First blue pen and now green pen? This is getting out of hand.

Integral of ( 1/(u^2 - a^2)) is also equal to {1/2a} {log[ (u-a) /(u+a)]}+c for those who don't know about hyperbolic tangent, like me. And off course the video was amazing!

With all these similar ones i wanna see a 1/(x^n +1) integral generalization lol.

Oh bro watch out it can't be arctanh because automatically one over x or (1/x) omits zero which makes the denominator zero and you probably know that arctanh is defined when abs(x)≤1 and this range of x contains zero so that's why arccoth is precisely the one and only choice without having the bounds of integration, hope you'll see this☺

Nice approach to question..Love from INDIA 🇮🇳 😊

There is another formula for integral of 1/x^2-a^2 which is 1/2a X ln |(x-a)/(x+a)|

I love your videos! I decided to take on calculus 2 this semester and you motivate me to continue with math :))
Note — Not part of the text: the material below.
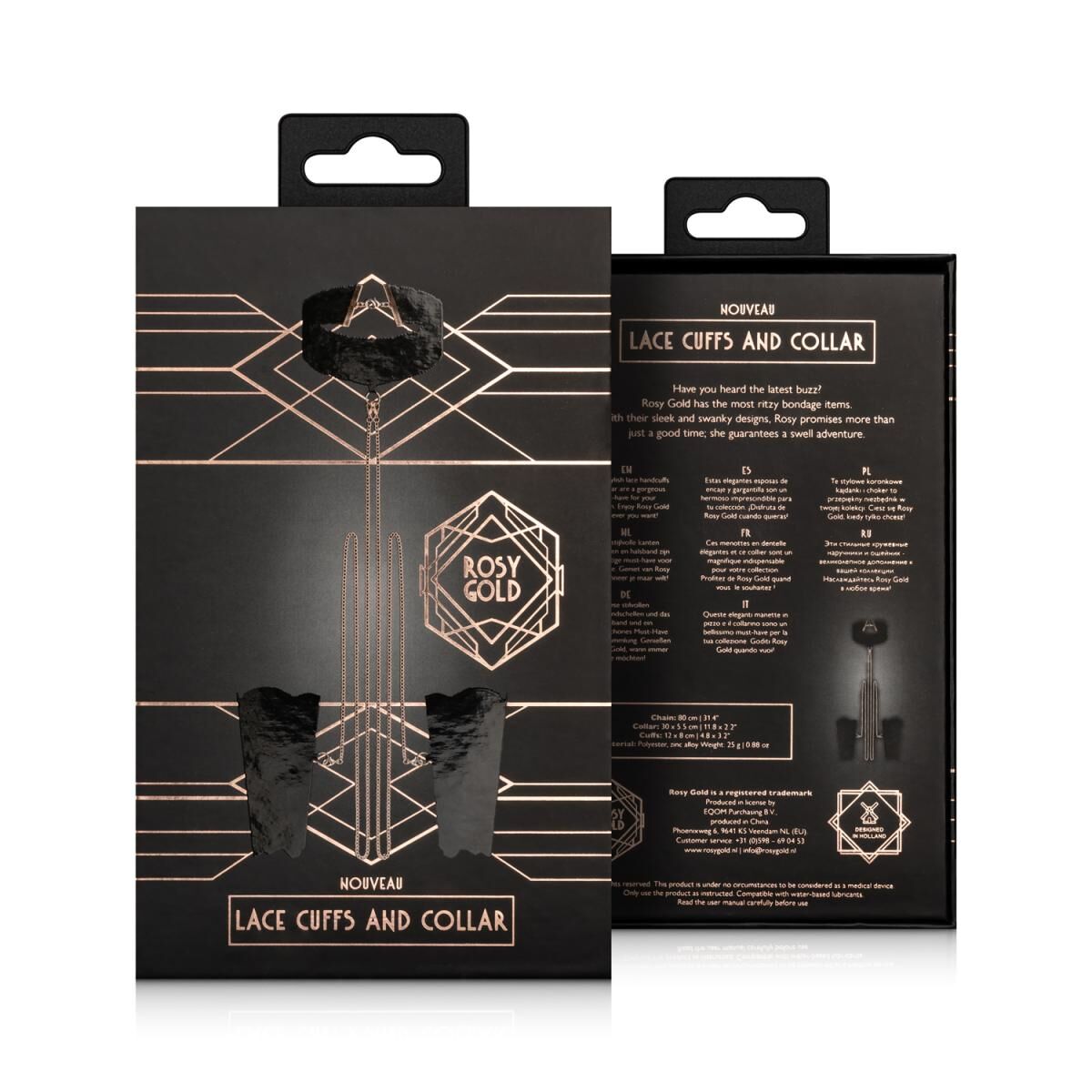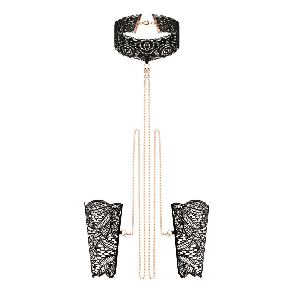 Мереживні наручники та комір Rosy Gold - Lace Cuffs and Collar - Black

Please do the integral 1/(x^7+1)

in reality during practice i just differentiatated the 4 options and checked if any of them match the integral, instead of actually integrating

Lots of people are not familiar with inverse hyperbolic trigs. Thus we can use partial fractions to compute that 2nd integral

"And let me curse this integral now" you are so funny I like it 😂

I wish I had you as my recitation teacher. You're an effective teacher!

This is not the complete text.